Once the pictures are set aside, reproduce the entries below exactly.

» Exercise data:
-=-=-

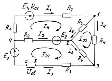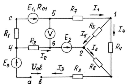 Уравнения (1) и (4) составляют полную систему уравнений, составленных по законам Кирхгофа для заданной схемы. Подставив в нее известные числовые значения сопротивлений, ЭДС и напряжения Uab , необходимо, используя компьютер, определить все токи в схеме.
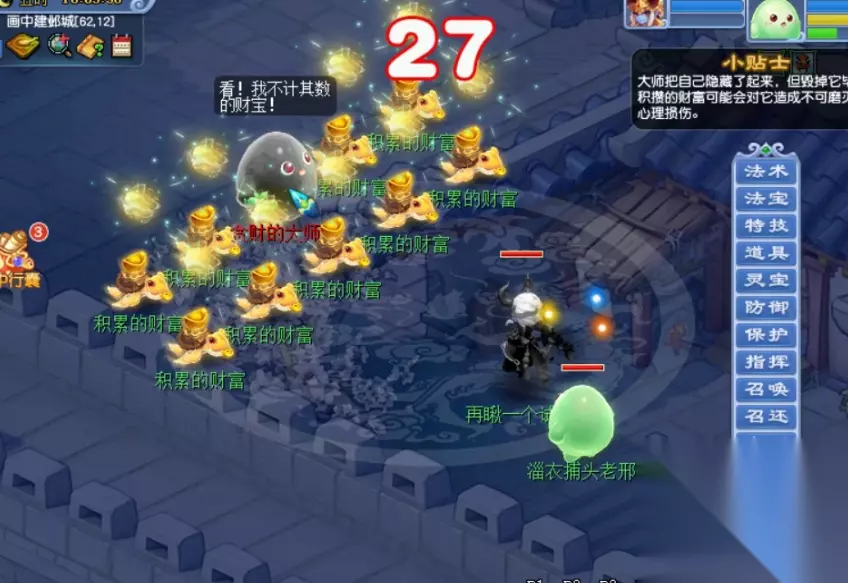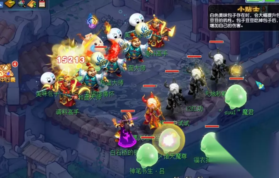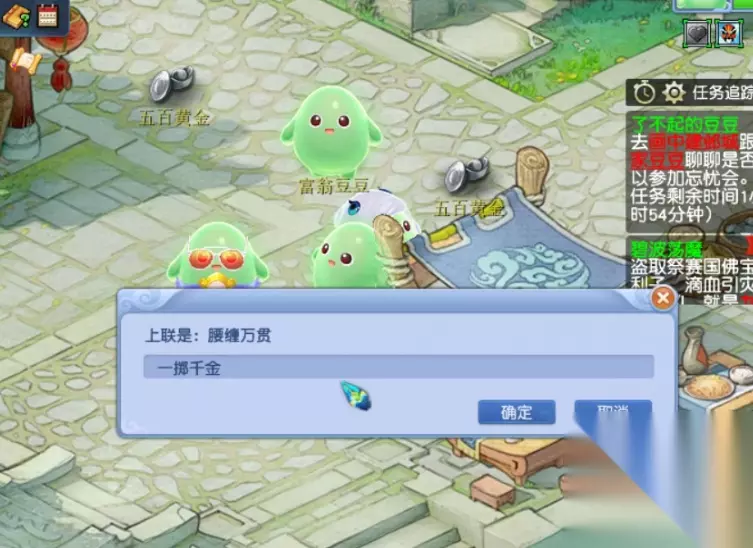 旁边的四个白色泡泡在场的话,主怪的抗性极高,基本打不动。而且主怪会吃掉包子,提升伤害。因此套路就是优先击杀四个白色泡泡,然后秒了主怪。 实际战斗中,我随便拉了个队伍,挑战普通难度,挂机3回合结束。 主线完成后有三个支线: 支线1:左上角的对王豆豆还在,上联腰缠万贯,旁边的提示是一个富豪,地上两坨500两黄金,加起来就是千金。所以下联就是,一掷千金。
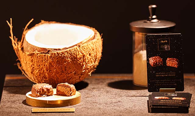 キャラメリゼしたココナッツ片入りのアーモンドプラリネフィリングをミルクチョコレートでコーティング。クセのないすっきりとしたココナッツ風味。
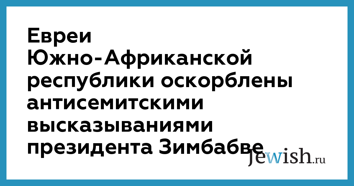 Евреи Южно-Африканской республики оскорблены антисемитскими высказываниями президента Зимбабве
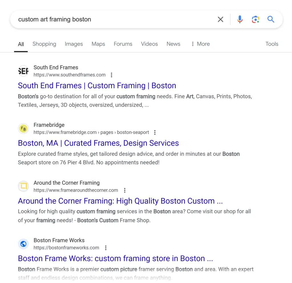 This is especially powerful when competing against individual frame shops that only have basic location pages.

-=-=-

» Response to this exercise:
 Уравнения (1) и (4) составляют полную систему уравнений, составленных по законам Кирхгофа для заданной схемы. Подставив в нее известные числовые значения сопротивлений, ЭДС и напряжения Uab , необходимо, используя компьютер, определить все токи в схеме.
 旁边的四个白色泡泡在场的话,主怪的抗性极高,基本打不动。而且主怪会吃掉包子,提升伤害。因此套路就是优先击杀四个白色泡泡,然后秒了主怪。 实际战斗中,我随便拉了个队伍,挑战普通难度,挂机3回合结束。 主线完成后有三个支线: 支线1:左上角的对王豆豆还在,上联腰缠万贯,旁边的提示是一个富豪,地上两坨500两黄金,加起来就是千金。所以下联就是,一掷千金。
 キャラメリゼしたココナッツ片入りのアーモンドプラリネフィリングをミルクチョコレートでコーティング。クセのないすっきりとしたココナッツ風味。
 Евреи Южно-Африканской республики оскорблены антисемитскими высказываниями президента Зимбабве
 This is especially powerful when competing against individual frame shops that only have basic location pages.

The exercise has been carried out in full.